Голос у нее был нежный и мелодичный, без следа привнесенной возрастом резкости, и по нему можно было подумать, что он принадлежит женщине лет на тридцать моложе. Она посмотрела в окно, всплеснула руками почти молитвенным жестом, а потом одним движением, изящным, как у танцовщицы, взяла за руки Уолтера и меня, так что теперь мы стояли цепочкой, как будто собирались сыграть в «веночек».

— Если мы задержимся из-за церемоний, — сказала она, — потеряем день. Может, прямо сейчас рискнем отправиться в путь?

— Да, — сказали мы с Уолтером хором, не колеблясь ни секунды.

Она покраснела и кивнула с явным удовольствием.

— Признаюсь, я совсем не отчаялась, когда увидела туман, — сказала она, направляясь к двери, — но мой бедный муж сразу решил, что ничего не выйдет. Он будет рад услышать, что все исправилось.

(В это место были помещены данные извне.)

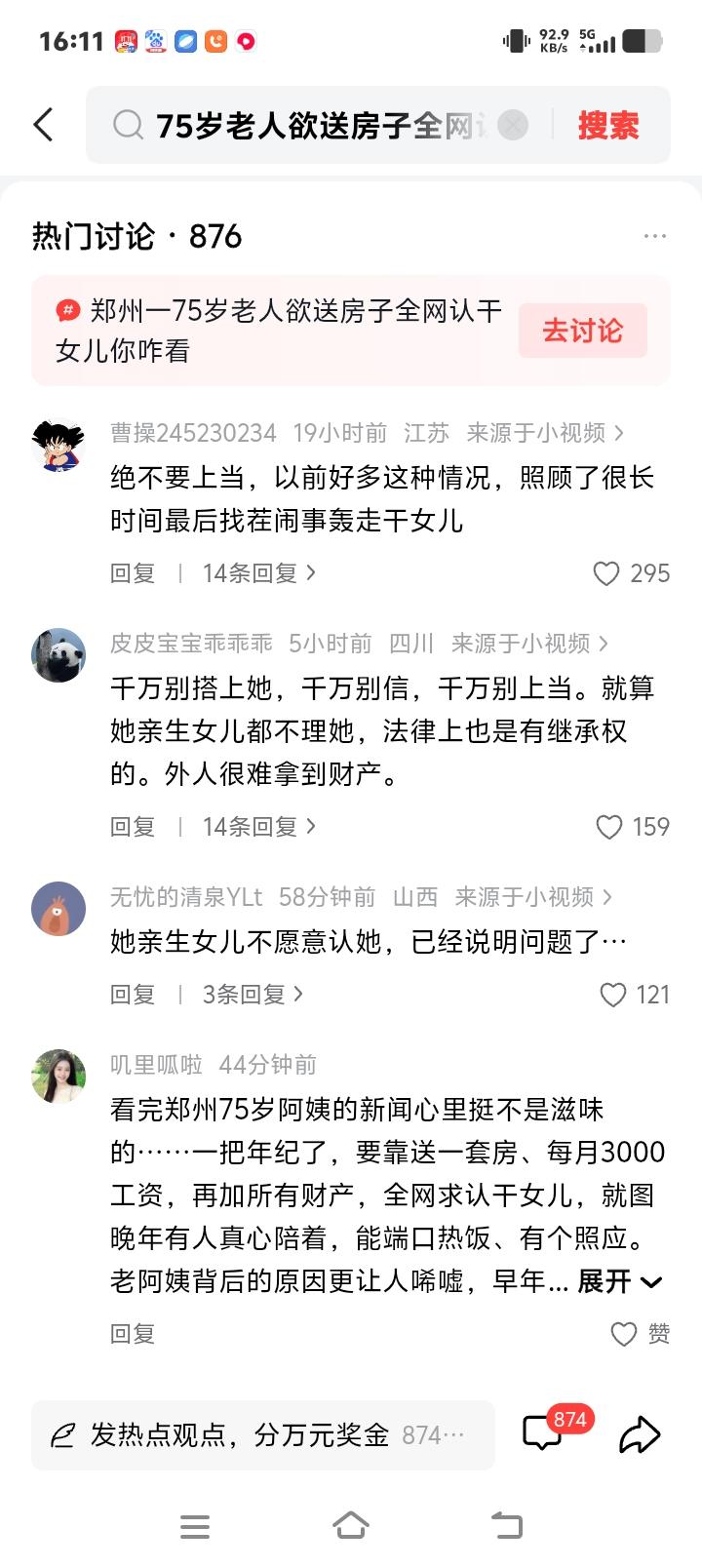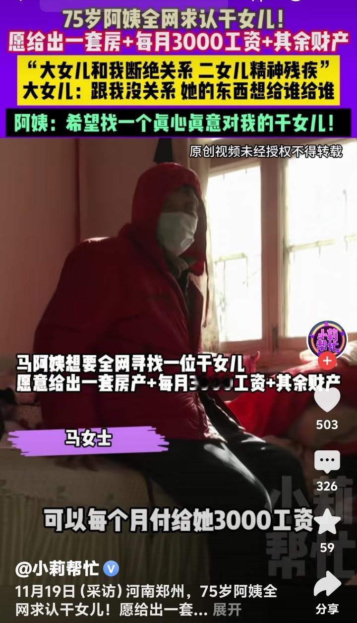75岁河南郑州阿姨倾尽家产寻暖心干女儿!一套房月薪三千加全部遗产背后藏着怎样的孤独与无奈?全网热议亲情与金钱的终极考验 (来源:纵览新闻、大参考、观威海等综合整理 深秋的河南郑州街头,一位白发老人颤巍巍举着手机录制视频,声音里带着哽咽:“我只想找个知冷知热的闺女,陪我说说话……”75岁的马阿姨或许从未想过,自己会用一套房产、每月3000元工资和全部积蓄作筹码,在茫茫人海中打捞一丝温暖。而亲生女儿那句“她的东西想给谁给谁”,像一记闷锤敲碎了血缘最后的体面。 亲情断崖背后是两代人的沉默战争 邻居们提起马阿姨总摇头叹息:“年轻时守寡带大两个女儿,大女儿远嫁后鲜少回家,二女儿因精神疾病需要长期服药。”社区志愿者透露,老人曾因帮忙照顾外孙女的方式与女儿产生矛盾,积怨如雪球越滚越大。那些深夜独自擦拭照片的时刻,那些节假日冷清的饭桌,都在无声诉说着中国式家庭中“爱不得”与“放不下”的纠葛。 全网寻亲引爆人性试炼场 消息一出,评论区瞬间撕裂成两个世界。有人痛心疾呼“别被房产蒙蔽双眼”,列举多起养老纠纷中“干亲变仇人”的案例;也有温柔留言“妈妈我在呢”,附上亲手织的围巾照片。更现实的声音则算起经济账:在郑州,3000月薪能否覆盖24小时陪护?房产过户会否因法定继承人反悔成一纸空文?这场寻亲早已超越个体事件,成了照见社会信任危机的棱镜。 法律天平如何称量冷暖人生 律师解读此事件时眉头紧锁:“若二女儿被认定为无民事行为能力人,其法定继承份额将受特殊保护。即便签订遗赠扶养协议,未来也可能面临亲生子女的继承权诉讼。”那些藏在《民法典》条框里的冰冷文字,此刻正与一颗渴望温暖的老人心激烈碰撞。当亲情需要合同时,我们失去的何止是信任? 千万孤独老人正在敲击时代之门 第七次人口普查数据显示,我国空巢老人已突破1.3亿。马阿姨的故事像一面镜子,映照出无数个在阳台上眺望的剪影。有社会学者犀利指出:“当养儿防老传统被城市化碾碎,当社区养老体系尚未健全,用财产置换陪伴成了最无奈的赌注。”这场个体命运的选择,实则牵动着整个社会的神经。 金钱与真心的千年命题 历史总是惊人相似。古有“彩衣娱亲”的孝道佳话,今有“房产认亲”的现实寓言。心理学专家剖析道:“老人真正渴望的不是交易式的伺候,而是被需要的情感认同。但当真心需要物质担保时,这场关系从开始就站在了悬崖边。”那些连夜赶往郑州的应征者里,又有几人能读懂老人眼底的忐忑? 破碎关系中的救赎微光 在谩骂与质疑的夹缝中,也有温暖悄然生长。32岁的幼儿园教师李雯留言:“我不要房产,周末可以去陪阿姨包饺子。”几个本地志愿者组建了“临时闺女团”,轮流上门读报聊天。这些星星之火能否燎原,取决于我们是否愿意相信:在算计与防备的时代,依然有人愿意用真诚捂热另一颗心。 每个人终将面对的岁月之问 当马阿姨颤抖的手划过手机屏幕,她寻找的或许不仅是养老保障,更是对一生付出的终极追问。有网友感慨:“今日围观阿姨的命运,何尝不是预演我们的明天?”在老龄化浪潮席卷的当下,如何让黄昏岁月不再充满算计与不安,需要每代人的共同作答。 此刻,郑州某小区亮起的灯火里,一位老人正守着电视等一个未知的来电。她不知道的是,这场寻求温暖的旅程,早已变成照见时代情感的X光片……

Она помедлила и добавила, будто только сейчас вспомнила:

— Надеюсь, вы не будете возражать против того, чтобы сесть на весла, мистер Хартрайт? Для нашего слуги места не останется.

— Да, я вовсе не против.

— Отлично. — Слегка ссутулив плечи, она возбужденно потерла руки, радостно воскликнула: «О!» — и скрылась в вестибюле.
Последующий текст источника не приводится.